__Task to complete__
Take the listing below and write it out again exactly, skipping any picture that it holds.

__Records for the exercise__

--- --- ---

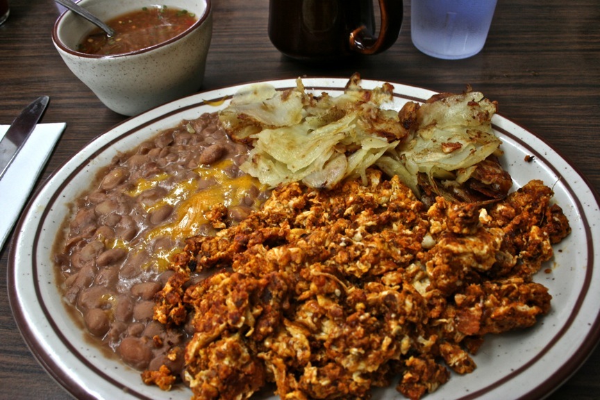 My favorite thing that I order from the menu—actually the only thing—is their chorizo and eggs (☆☆☆☆), generous amount of chorizo sausage scrambled with eggs. What I love about it is, aside from the excellent chorizo, the eggs and meat are nicely blended, almost fluffy, rather than pebbly like at some restaurants. When slathered with their killer salsa that’s served on every table, you have a meal fit for a real king. There are several other Mexican (and American) breakfast options, including specials of the day written on a blackboard, but I’ve never tried ANY of them, so enamored am I of my ‘usual.’
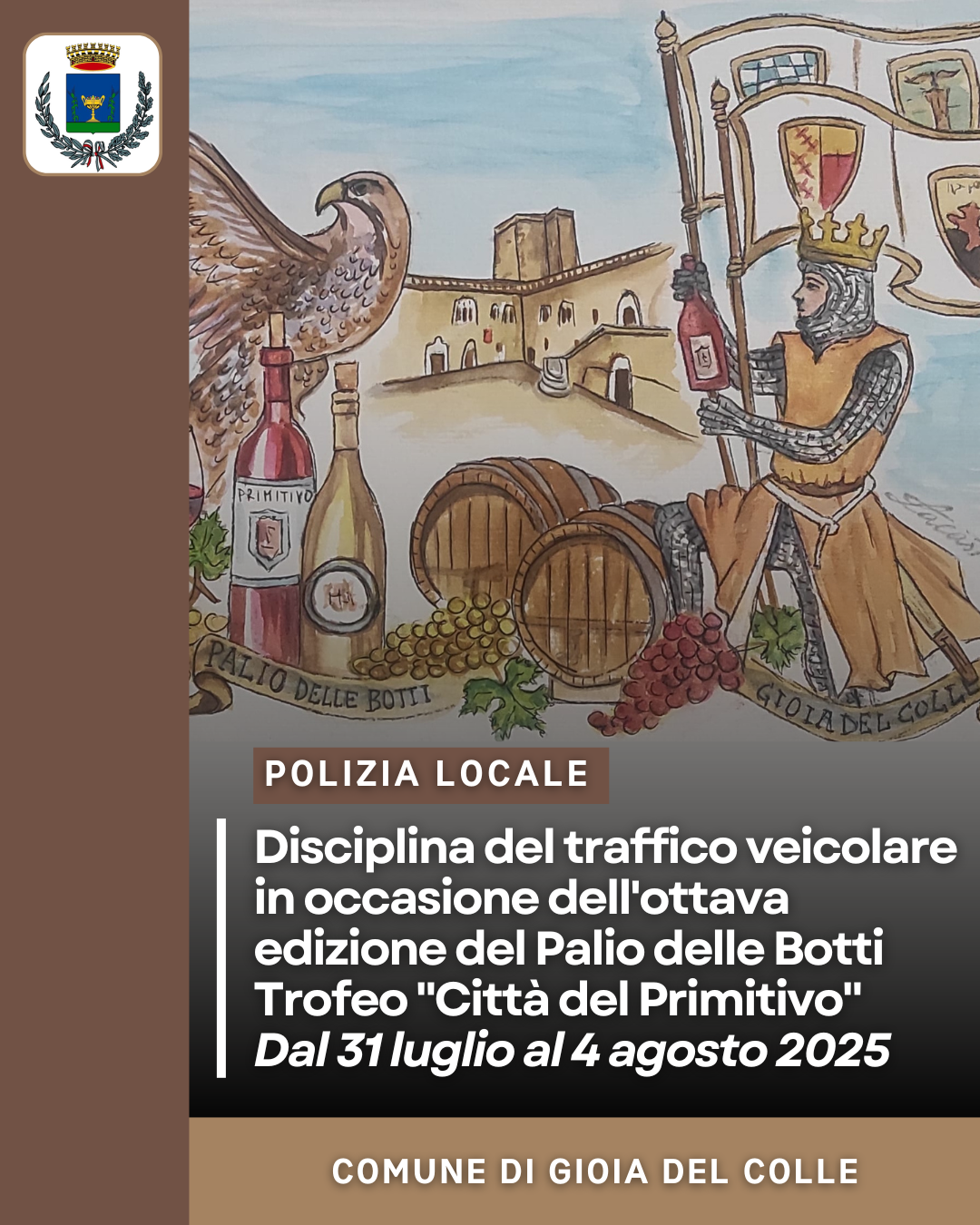 Disciplina del traffico veicolare in occasione dell'ottava edizione del Palio delle Botti Trofeo "Cittą del Primitivo" - Dal 31 luglio al 4 agosto 2025
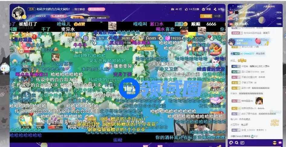 公测的第二天(11月22日),知名UP主@花少北 、@KB呆又呆在B站进行联合直播,在“合合岛”大搞基建,PK合成手速,笑料十足的“双人相声”将直播观看人数最高推到了近120万人次。直播结束后,粉丝们自发将直播录屏进行二创剪辑和传播,把游戏讨论热度推向了又一波高潮。
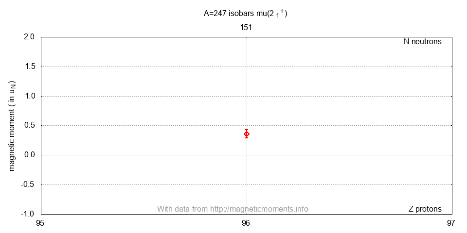 247Cm | 65534 ± 4 | 0. | 1.6 x 10^7 y | 9/2- | 0.36(7) | [241Am] | EPR | 1973AB03 | 10.1016/0375-9601(73)91006-2 | |||
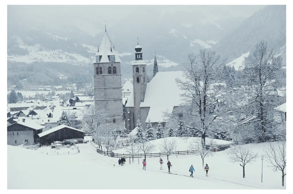 View of hotels and lodges with mountains in background during winter, Courmayeur, Aosta Valley, Italy
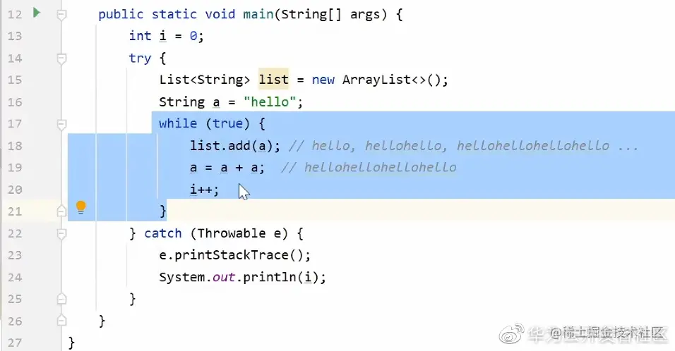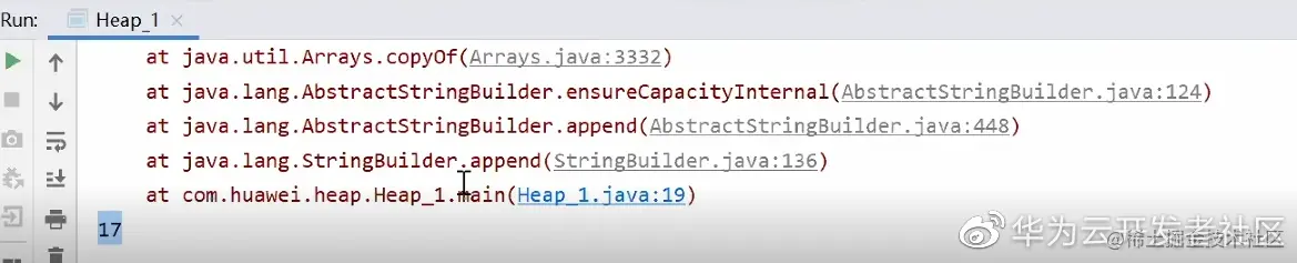 操作基本和栈内存溢出的时候的案例一样,次数明显变小了,只调用了17次就出现了堆内存溢出错误了。
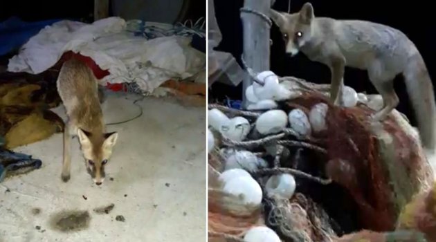 Turan Mahallesi'nde gece yarısı denizden dönen ve teknede bulunan palamut ağlarını kıyıda temizleyen balıkçıların yanlarına tilki misafir oldu.
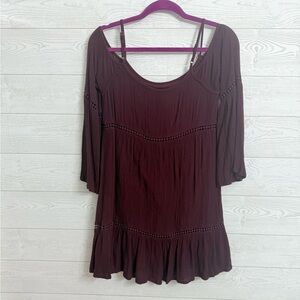 Plum stretch rayon cotton mini dress with cut out shoulders, adjustable spaghetti straps, crocheted on sleeves, bustling and bottom hemline. Size S P2P 16” W 32” L 32” In great condition. See pictures for details and normal wear and tear.
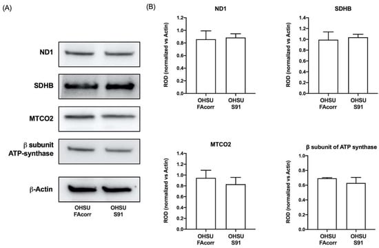 To understand if the dysfunctional aerobic metabolism depends on a defect in respiratory complexes’ function, their activities were measured spectrophotometrically in both cell lines (Figure 1H). No significant differences in complexes I, II, and IV activity were observed comparing the two cell lines. By contrast, the data show a statistically significant decrease in complex III activity in OHSU-S91 compared to OHSU-FAcorr when evaluated by NADH addition but not in the presence of succinate (Figure 1H and Figure S1). Since the respiratory complex III activity is measured by assaying the electron transport from upstream complexes, the impairment observed in the presence of NADH, but not of succinate, confirms that the weak point is the electron transfer between the first and third complexes and not complex III itself, as already observed in FA lymphoblasts [25]. Nevertheless, no differences are observed in the protein expression of ND1 (Complex I), SDHB (Complex II), MTCO2 (Complex IV), and ATP synthase β subunit between OHSU-S91 and OHSU-FAcorr, indicating that the altered metabolism is not related to a different expression of OxPhos proteins (Figure 2A,B).

--- --- ---

__Reply to the task__
 My favorite thing that I order from the menu—actually the only thing—is their chorizo and eggs (☆☆☆☆), generous amount of chorizo sausage scrambled with eggs. What I love about it is, aside from the excellent chorizo, the eggs and meat are nicely blended, almost fluffy, rather than pebbly like at some restaurants. When slathered with their killer salsa that’s served on every table, you have a meal fit for a real king. There are several other Mexican (and American) breakfast options, including specials of the day written on a blackboard, but I’ve never tried ANY of them, so enamored am I of my ‘usual.’
 Disciplina del traffico veicolare in occasione dell'ottava edizione del Palio delle Botti Trofeo "Cittą del Primitivo" - Dal 31 luglio al 4 agosto 2025
 公测的第二天(11月22日),知名UP主@花少北 、@KB呆又呆在B站进行联合直播,在“合合岛”大搞基建,PK合成手速,笑料十足的“双人相声”将直播观看人数最高推到了近120万人次。直播结束后,粉丝们自发将直播录屏进行二创剪辑和传播,把游戏讨论热度推向了又一波高潮。
 247Cm | 65534 ± 4 | 0. | 1.6 x 10^7 y | 9/2- | 0.36(7) | [241Am] | EPR | 1973AB03 | 10.1016/0375-9601(73)91006-2 | |||
 View of hotels and lodges with mountains in background during winter, Courmayeur, Aosta Valley, Italy
 操作基本和栈内存溢出的时候的案例一样,次数明显变小了,只调用了17次就出现了堆内存溢出错误了。
 Turan Mahallesi'nde gece yarısı denizden dönen ve teknede bulunan palamut ağlarını kıyıda temizleyen balıkçıların yanlarına tilki misafir oldu.
 Plum stretch rayon cotton mini dress with cut out shoulders, adjustable spaghetti straps, crocheted on sleeves, bustling and bottom hemline. Size S P2P 16” W 32” L 32” In great condition. See pictures for details and normal wear and tear.
 To understand if the dysfunctional aerobic metabolism depends on a defect in respiratory complexes’ function, their activities were measured spectrophotometrically in both cell lines (Figure 1H). No significant differences in complexes I, II, and IV activity were observed comparing the two cell lines. By contrast, the data show a statistically significant decrease in complex III activity in OHSU-S91 compared to OHSU-FAcorr when evaluated by NADH addition but not in the presence of succinate (Figure 1H and Figure S1). Since the respiratory complex III activity is measured by assaying the electron transport from upstream complexes, the impairment observed in the presence of NADH, but not of succinate, confirms that the weak point is the electron transfer between the first and third complexes and not complex III itself, as already observed in FA lymphoblasts [25]. Nevertheless, no differences are observed in the protein expression of ND1 (Complex I), SDHB (Complex II), MTCO2 (Complex IV), and ATP synthase β subunit between OHSU-S91 and OHSU-FAcorr, indicating that the altered metabolism is not related to a different expression of OxPhos proteins (Figure 2A,B).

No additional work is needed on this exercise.